Anchor your discussions in the context of WHY this issue matters, and ensure everyone has the opportunity to voice their view about that. If people aren’t bought in on why change may be needed, any potential solutions are likely to falter or fail when it comes to implementation.

When designing your meeting or event, be aware that there are natural peaks and valleys in the group’s energy. You’ll get the most attention and engagement at the beginning of your event, but expect it to drop after a meal or towards the end of the day. Those can be good times to incorporate small group or buddy sharing, or to get folks involved in some kind of kinaesthetic activity like putting their ideas on sticky notes on a wall or completing a pre-designed graphic template together.

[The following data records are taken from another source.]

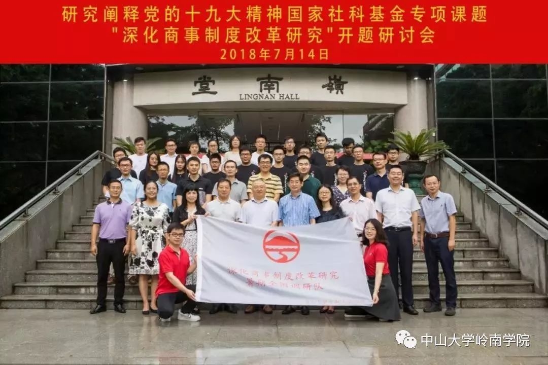 7月14日,研究阐释党的十九大精神国家社会科学基金专项课题“深化商事制度改革”开题研讨会在yl23455永利集团岭南学院岭南堂举行。
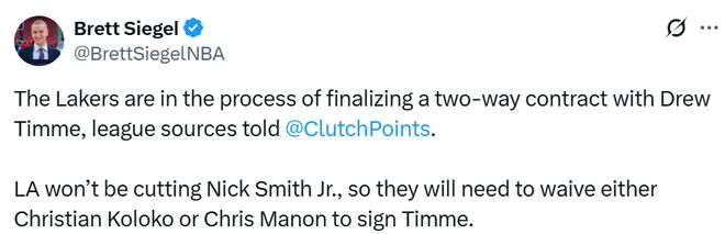 北京时间11月22日,据名记Siegel报道,洛杉矶湖人队计划与自由球员内线德鲁-蒂米签下一份双向合同。
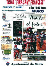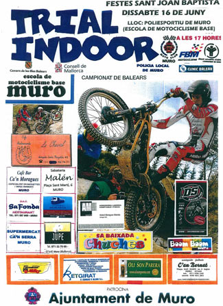 El próximo sábado 16 de junio se inicia el Campeonato de Baleares de Trial Indoor con el Trial Indoor de Muro "Festes de Sant Joan Baptista". El lugar será la sede de la Escuela de Motociclismo Base en el Polideportivo de muro, iniciándose el trial a las 15:00 horas.
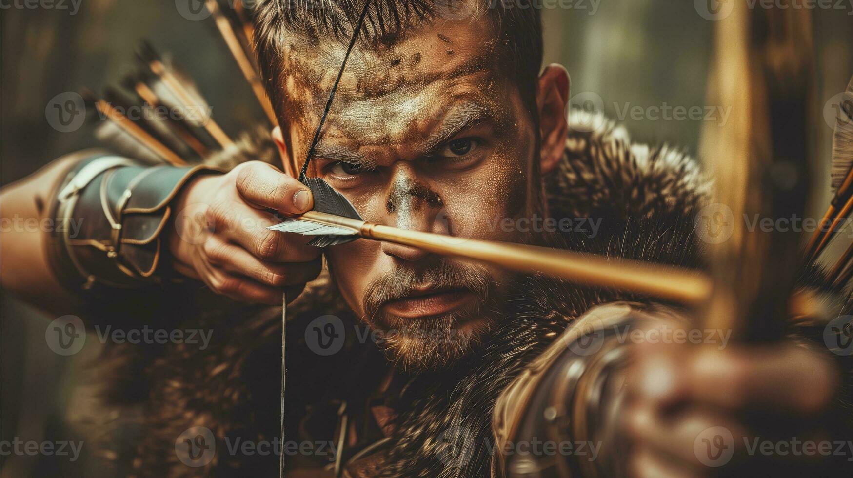 AI generated A man pointing his bow at a target. Generative AI Pro Photo
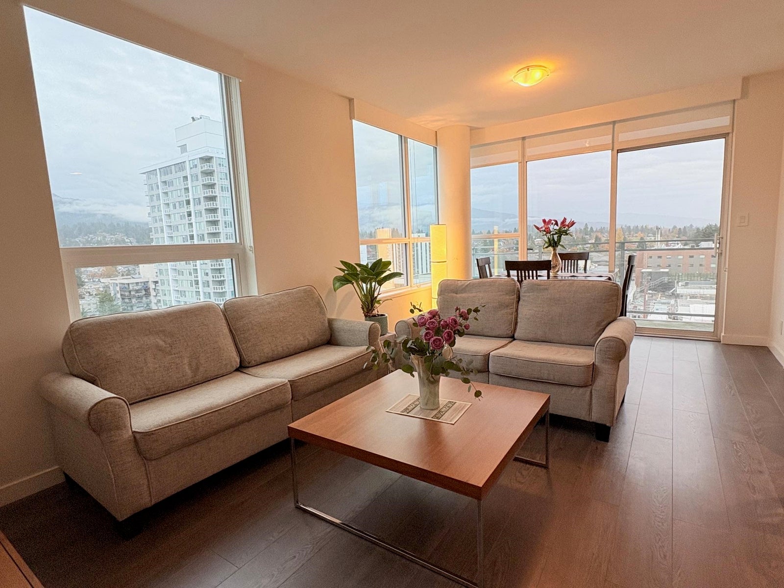 CENTREVIEW – Developed by Onni in the heart of Central Lonsdale. Enjoy breathtaking mountain, city, and ocean views from this Northeast-corner home, with beautiful morning sunlight streaming through every window. This open-concept unit offers A/C with high-efficiency heating and cooling, floor-to-ceiling windows, kitchen with custom-designed cabinetry, laminate flooring, and high-quality paneled appliances. Centreview is centrally located near groceries, restaurants, shops, transit, banks, City Hall, and the library. Luxury amenities include swimming pool, sauna/steam room, playground, huge gym and exercise area, party room, yoga room, and squash court. BONUS of 2 guest suites, a residents’ lounge, concierge service, and plenty of visitor parking.
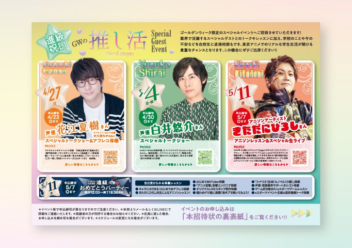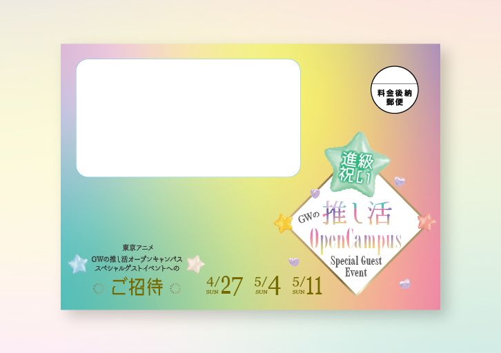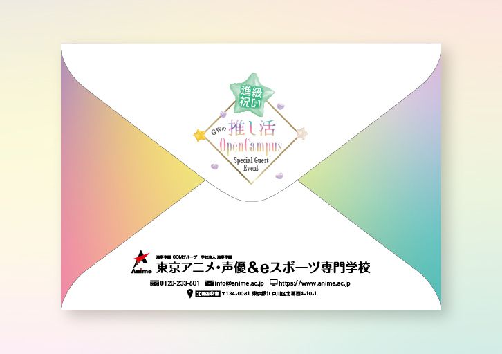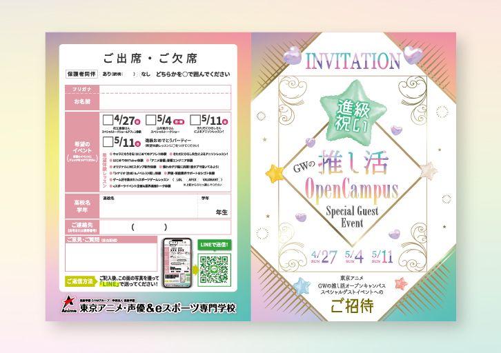アニメ・声優・eスポーツ関連の人材を育成する「東京アニメ・声優&eスポーツ専門学校」のゴールデンウィーク向けのイベントツールを制作。応募者への訴求を意識して、声優の「推し活」に振り切ったイベントに仕立てることで競合校と差別化。また、ツール持参で得られる特典も付加し、オンラインの集客では得られ難い特別感も演出。

2. Create an Environment for Great Ideas and Discussion

Create the environment for people to have meaningful dialogue and experiences with one another. With only 20% of employees reporting that they feel actively engaged in their work, talking at them longer won’t help. Engaging in conversations, developing shared values and experiences, and fostering collaboration and better relationships goes a long way towards helping organizations achieve the outcomes they want. From using ice-breaker exercises so people get to know one another to how you communicate with participants before and after the event, the more you can create an experience, the better your event will be. In the words of Theodore Roosevelt, “People don’t care how much you know, until they know how much you care.”

Choose a physical space that supports your work. Think about size, acoustics, lighting, comfort and temperature.  I once worked with a client who had booked a large hotel ballroom for a sensitive conversation with a marginalized segment of the community of about 40 people. That relatively small groups was absolutely dwarfed doing deep, transformative work and brainstorming in this huge space.  The other facilitators and I had to work extra hard and make some physical changes to the space on-site so the room didn’t dampen the group’s energy and sense of connection to each other.

3. Plan for the “What’s Next?”

I believe that information may be interesting, but without action, it’s pretty useless. Reverse-engineer the agenda and participant preparation to the outcomes you want at the end of the day. What needs to be different the day after your meeting or event as a result? What action do you want folks to take? Graphic recordings of the discussions are great not just for capturing the event, but also for fostering ongoing dialogue after the event and to help with implementation.